■ Task directions
Every entry is to be returned unchanged, and no picture is to be included.

■ Available records
════════
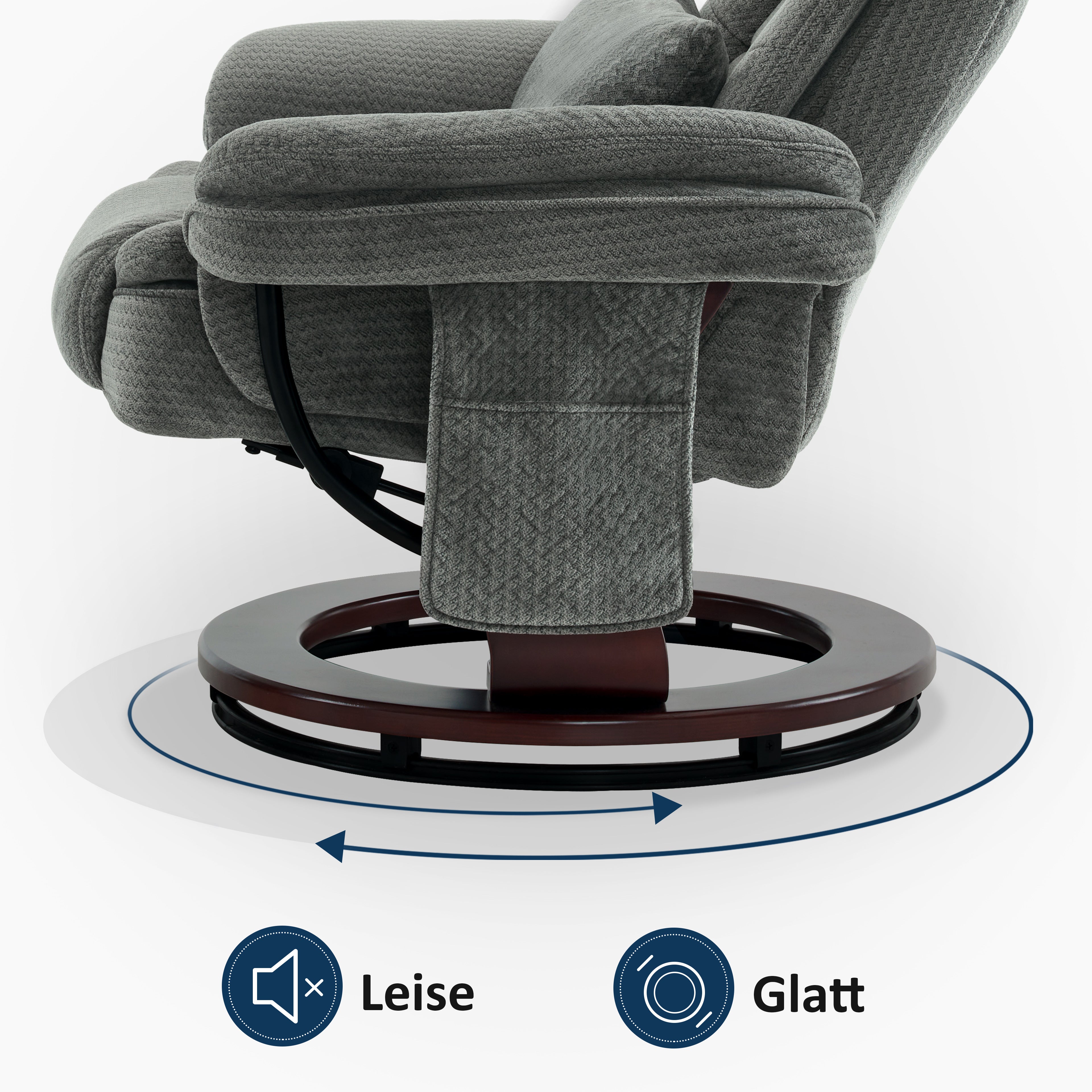 Egal ob du Filme schaust, liest oder einfach nur entspannen willst - dieser Sessel wird dein neuer Lieblingsplatz! Mit dem geräuschlosem Drehteller kannst du dich lautlos drehen und den Raum im Blick behalten. Einfach genial, oder?
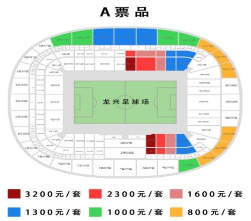 龙兴足球场套票分为6档,场次至少10场,分别为800元、1000元、1300元、1600元、2300元、3200元。
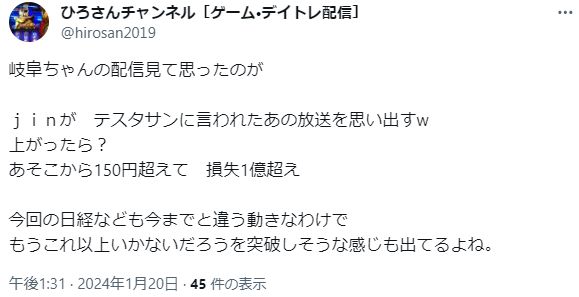 — 損切りできないマン (@losscuttt) January 17, 2024
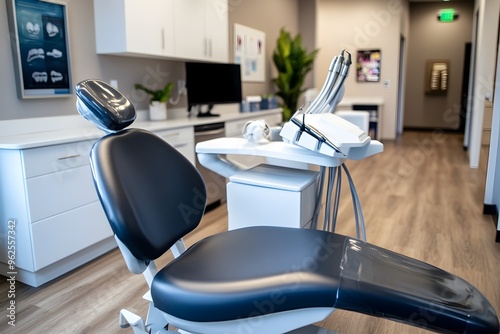 Cutting Edge Dental Practice Interior with Gleaming Chrome and Tranquil Earth Toned Accents
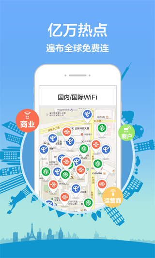 特点三:合法购买运营商千万热点,主要WiFi热点名如:ChinaNet、ChinaUnicom、and-Business、ap-pa033、bluesea-free、0wifi-free等,还有星巴克等商家热点等你来发现。
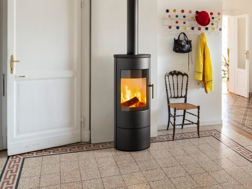 Rayha è una stufa a legna rotonda, con design elegante e minimal.
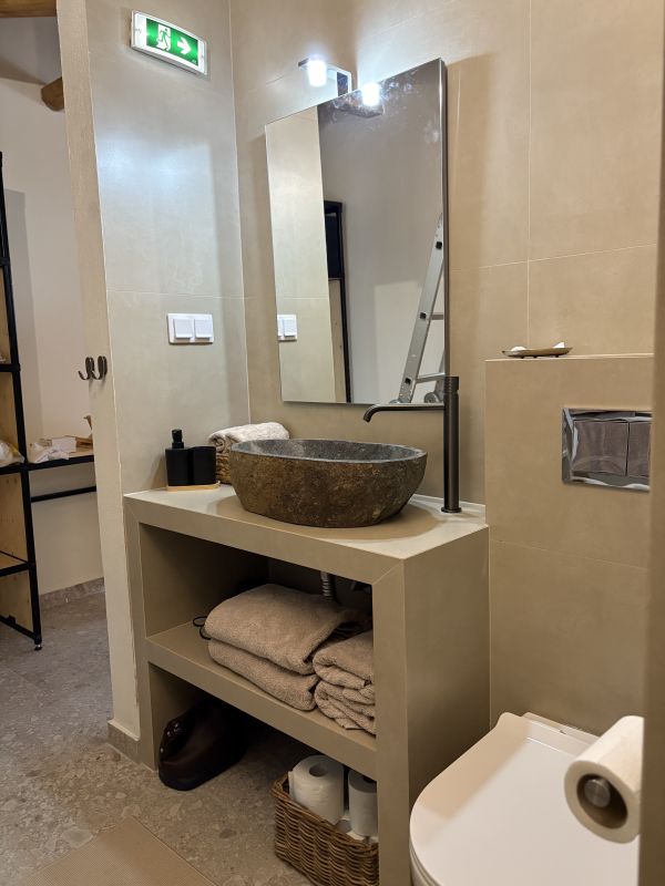 Δίπλα, πίσω από τον τοίχο στο υπνοδωμάτιο, βρίσκεται ένα μοντέρνο μπάνιο με νιπτήρα, καμπίνα ντους και τουαλέτα. Πρόσβαση μέσω "μπαλκονόπορτας" σε ένα μικρό εξωτερικό καθιστικό με έναν μικρό καναπέ.
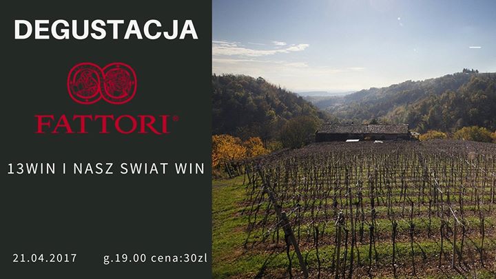 Nasz Świat Win oraz 13win mają przyjemność zaprosić Państwa na kolejną degustacje. Tym razem wybierzemy się w podróż do Veneto, aby poznać winnicę Fattori. Tradycyjnie zaprezentujemy 6win, opowiemy o regionie oraz o samej winiarni. Serdecznie zapraszamy.
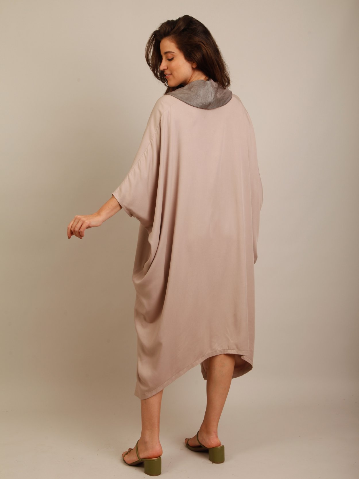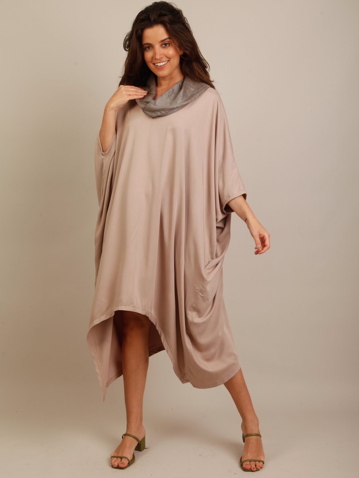 Vestido amplo Gola alta em cor cinza Mangas japonesa
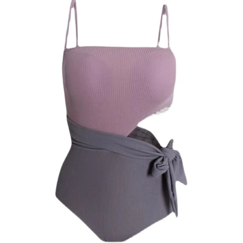 韓国 セクシー ホットな女性 紫色の水着 女性用 ストラップ付きトライアングルワンピース水着 温泉リゾート用水着
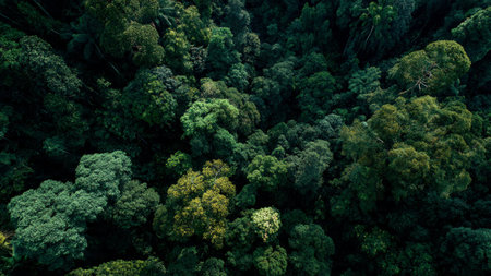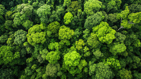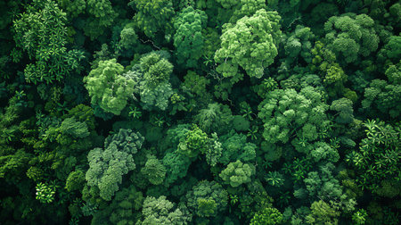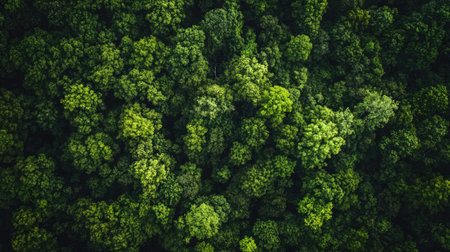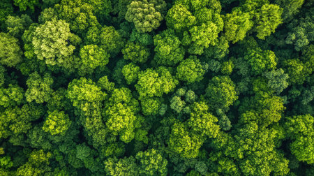Lush green forest canopy viewed from above, representing natural sustainability and conservation. Copy space.
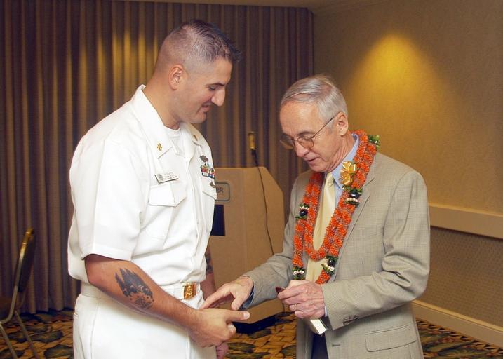 | Keywords: US Navy 041013-N-6775N-014 Chief Sonar Technician Mark Williams presents a command challenge coin to Secretary of the Navy, the Honorable Gordon R. England.jpg en Waikiki Hawaii Oct 13 2004 - Chief Sonar Technician Mark Williams presents a command challenge coin to Secretary of the Navy the Honorable Gordon R England at the 2004 Navy Birthday Breakfast sponsored by the Honolulu Council Navy League Chief Williams of Sydney Maine is currently assigned to the Los-Angeles-class attack submarine USS Columbia SSN 771 U S Navy photo by Photographer's Mate 2nd Class Justin P Nesbitt RELEASED 2004-10-13 041013-N-6775N-014 Navy http //www navy mil/view_image asp id 18191 U S Navy photo by Photographer's Mate 2nd Class Justin P Nesbitt PD-USGov-Military-Navy Images from US Navy location Waikiki Hawaii USS Columbia SSN-771 Challenge coins Gordon R England Men with arm tattoos |
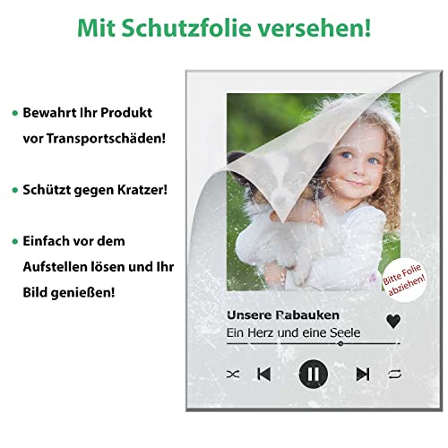✅ QUALITÄT DIE ÜBERZEUGT – Das Song Cover misst 20 x 15 cm und besteht aus 3 mm starkem Acrylglas in kristallklarer Hochglanzoptik, wahlweise auch in Pastellmint, Pastellblau oder Pastellrosa. Durch farbdetailliertem UV-Direktdruck wird ihr Foto in bester Qualität dargestellt. Damit dem Bild auf dem Weg nichts passiert wird es mit einer Schutzfolie versiegelt. Diese sollte vor dem Aufstellen entfernt werden
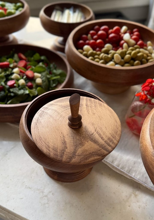 پایه محکم و طراحی منحصر بهفرد آن، علاوه بر زیبایی، استحکام و پایداری را تضمین میکند. درپوش آن نیز به حفظ تازگی شکلات، آجیل یا شیرینی کمک میکند. پرداخت نهایی با روغن گیاهی باعث مقاوم شدن در برابر رطوبت و افزایش عمر محصول میشود.
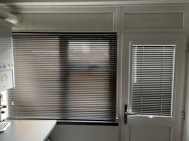 Made to measure Perfect Fit venetian blind fitted to Kitchen door and matching venetian blind fitted to side window.
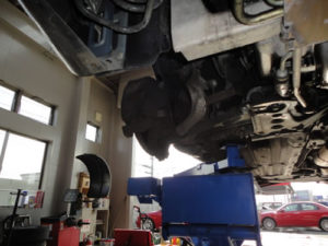 まずリフトアップにて下回りを点検してみますと、シャフトブーツが破けていました。
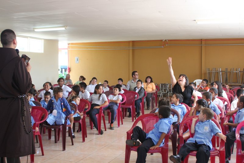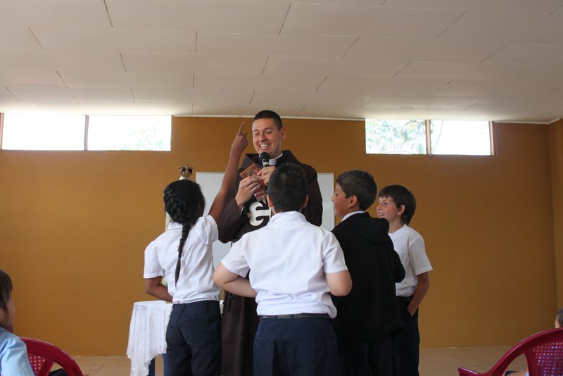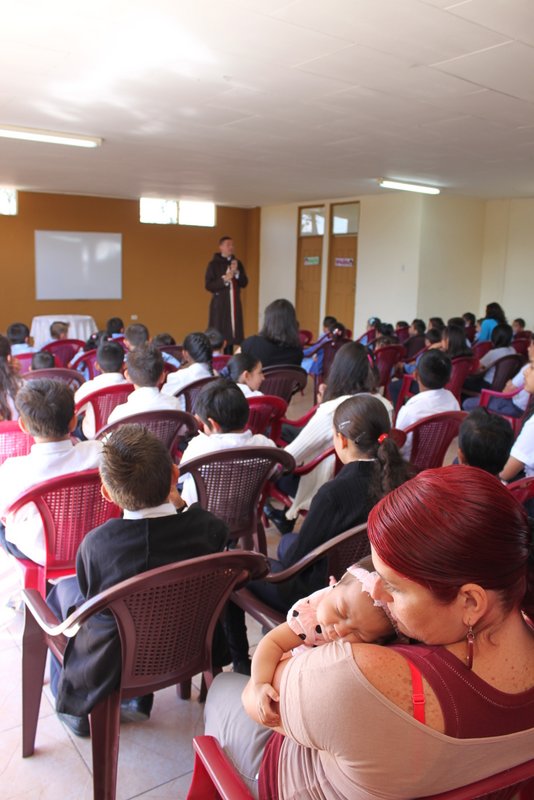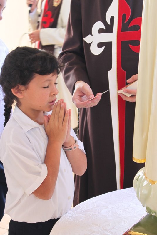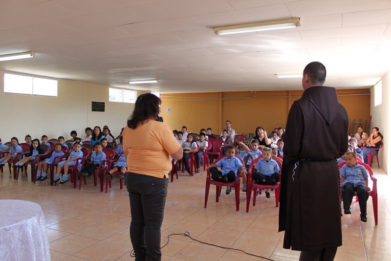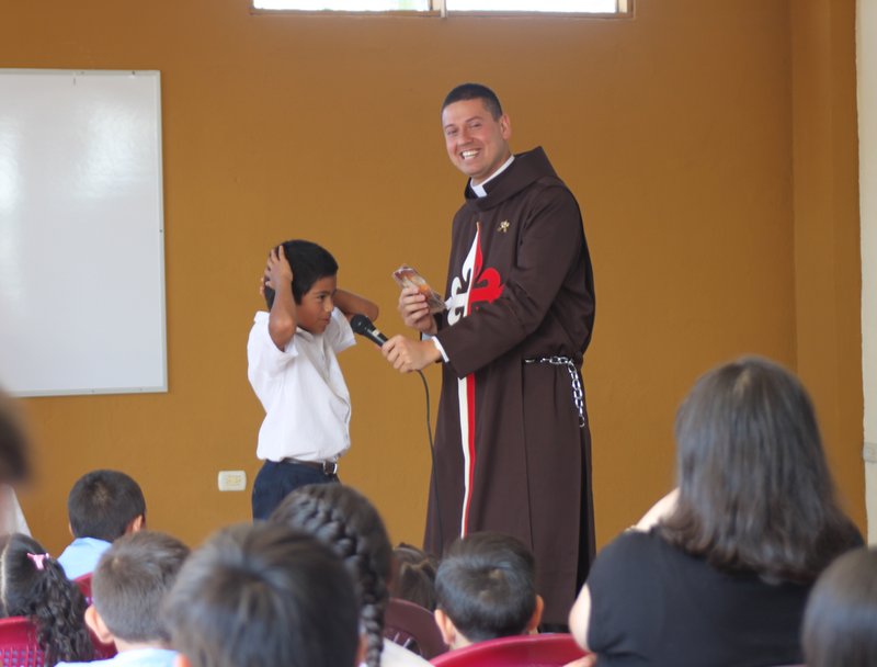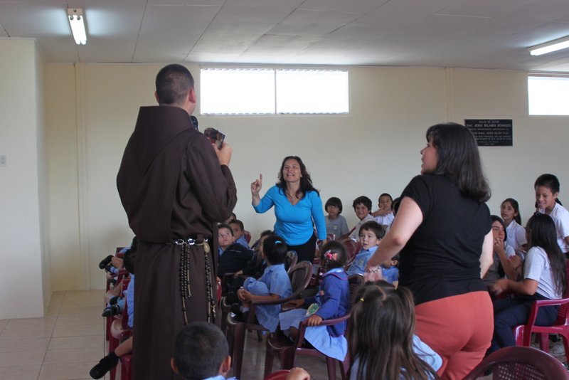 El Rvdo. Diác. Victor Jiménez explicó a los niños la importancia de la devoción a Nuestra Señora y en especial al Santo Rosario. De esta forma, motivó a los pequeños para rezar una decena en honor de María Santísima. Luego, les contó resumidamente la historia de los tres pastorcitos de Fátima y –ante las miradas curiosas de los pequeñitos- les explicó cuál es el carisma de los Heraldos y el significado del hábito que portan.
════════
■ Solved problem
 Egal ob du Filme schaust, liest oder einfach nur entspannen willst - dieser Sessel wird dein neuer Lieblingsplatz! Mit dem geräuschlosem Drehteller kannst du dich lautlos drehen und den Raum im Blick behalten. Einfach genial, oder?
 龙兴足球场套票分为6档,场次至少10场,分别为800元、1000元、1300元、1600元、2300元、3200元。
 — 損切りできないマン (@losscuttt) January 17, 2024
 Cutting Edge Dental Practice Interior with Gleaming Chrome and Tranquil Earth Toned Accents
 特点三:合法购买运营商千万热点,主要WiFi热点名如:ChinaNet、ChinaUnicom、and-Business、ap-pa033、bluesea-free、0wifi-free等,还有星巴克等商家热点等你来发现。
 Rayha è una stufa a legna rotonda, con design elegante e minimal.
 Δίπλα, πίσω από τον τοίχο στο υπνοδωμάτιο, βρίσκεται ένα μοντέρνο μπάνιο με νιπτήρα, καμπίνα ντους και τουαλέτα. Πρόσβαση μέσω "μπαλκονόπορτας" σε ένα μικρό εξωτερικό καθιστικό με έναν μικρό καναπέ.
 Nasz Świat Win oraz 13win mają przyjemność zaprosić Państwa na kolejną degustacje. Tym razem wybierzemy się w podróż do Veneto, aby poznać winnicę Fattori. Tradycyjnie zaprezentujemy 6win, opowiemy o regionie oraz o samej winiarni. Serdecznie zapraszamy.
 Vestido amplo Gola alta em cor cinza Mangas japonesa
 韓国 セクシー ホットな女性 紫色の水着 女性用 ストラップ付きトライアングルワンピース水着 温泉リゾート用水着
Lush green forest canopy viewed from above, representing natural sustainability and conservation. Copy space.
 | Keywords: US Navy 041013-N-6775N-014 Chief Sonar Technician Mark Williams presents a command challenge coin to Secretary of the Navy, the Honorable Gordon R. England.jpg en Waikiki Hawaii Oct 13 2004 - Chief Sonar Technician Mark Williams presents a command challenge coin to Secretary of the Navy the Honorable Gordon R England at the 2004 Navy Birthday Breakfast sponsored by the Honolulu Council Navy League Chief Williams of Sydney Maine is currently assigned to the Los-Angeles-class attack submarine USS Columbia SSN 771 U S Navy photo by Photographer's Mate 2nd Class Justin P Nesbitt RELEASED 2004-10-13 041013-N-6775N-014 Navy http //www navy mil/view_image asp id 18191 U S Navy photo by Photographer's Mate 2nd Class Justin P Nesbitt PD-USGov-Military-Navy Images from US Navy location Waikiki Hawaii USS Columbia SSN-771 Challenge coins Gordon R England Men with arm tattoos |
✅ QUALITÄT DIE ÜBERZEUGT – Das Song Cover misst 20 x 15 cm und besteht aus 3 mm starkem Acrylglas in kristallklarer Hochglanzoptik, wahlweise auch in Pastellmint, Pastellblau oder Pastellrosa. Durch farbdetailliertem UV-Direktdruck wird ihr Foto in bester Qualität dargestellt. Damit dem Bild auf dem Weg nichts passiert wird es mit einer Schutzfolie versiegelt. Diese sollte vor dem Aufstellen entfernt werden
 پایه محکم و طراحی منحصر بهفرد آن، علاوه بر زیبایی، استحکام و پایداری را تضمین میکند. درپوش آن نیز به حفظ تازگی شکلات، آجیل یا شیرینی کمک میکند. پرداخت نهایی با روغن گیاهی باعث مقاوم شدن در برابر رطوبت و افزایش عمر محصول میشود.
 Made to measure Perfect Fit venetian blind fitted to Kitchen door and matching venetian blind fitted to side window.
 まずリフトアップにて下回りを点検してみますと、シャフトブーツが破けていました。
 El Rvdo. Diác. Victor Jiménez explicó a los niños la importancia de la devoción a Nuestra Señora y en especial al Santo Rosario. De esta forma, motivó a los pequeños para rezar una decena en honor de María Santísima. Luego, les contó resumidamente la historia de los tres pastorcitos de Fátima y –ante las miradas curiosas de los pequeñitos- les explicó cuál es el carisma de los Heraldos y el significado del hábito que portan.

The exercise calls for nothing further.